I knew they were well known for quality didn't know how well known though. Had these beef short ribs on for 6 hours so far and Target temp has not been more than 3 degrees in variance
 
Jaymacs, now that you've had the grill for almost a year, what are your thoughts? I'm considering getting this one. I'm a little concerned about the clean out....it has a ball valve to drain the grease?
 
Jaymacs, now that you've had the grill for almost a year, what are your thoughts? I'm considering getting this one. I'm a little concerned about the clean out....it has a ball valve to drain the grease?

arsmtts, Jaymacs hasn't been on since March 2017, don't be dissapointed if he doesn't reply, but you never know.

Chris
 
Hate to necropost--big sin, I know. . . .but to my understanding (and I just bought a Pitts and Spitts Maverick 850) the ball valve serves two purposes: one is to assist in vent modulation (air intake), and the other, less heard-of. .. is to allow the owner to shut the valve, pour boiling water (or hot soapy water) into the tank; and scrub and drain. Sounds like a good plan.

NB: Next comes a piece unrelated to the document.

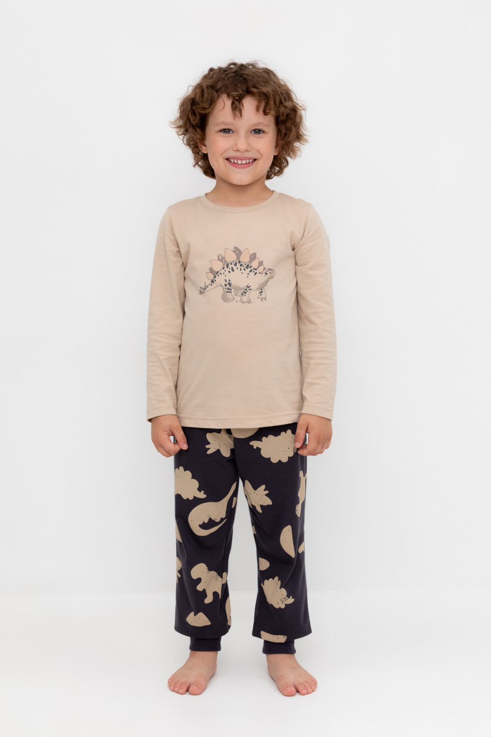 Трикотажная пижама из натурального хлопка. Джемпер с длинными рукавами. У брюк эластичный пояс на резинке, эластичные манжеты. Оригинальные принт и набивка выполнены из стойких, гипоаллергенных текстильных красителей. Пижама сохраняет цвет и форму после многократных стирок. Все трикотажные полотна производятся в соответсвии с нормами Швейцарского сертификата ЭкоТекс.

Unlike the OP, I WILL report on the ownership of my new Pitts and Spitts. As the OP said, and said well. .. stick burners certainly have their place, but the prospect of setting a pellet unit to 250F at 4 p.m., and not revisiting it until 8 a.m. for a 16 hour brisket cook, appeals to me. I can take confidence that I can turn it on, and not go back to it unless I want to wrap it. If this works as designed, then I believe we've found the holy grail, my brothers. . . .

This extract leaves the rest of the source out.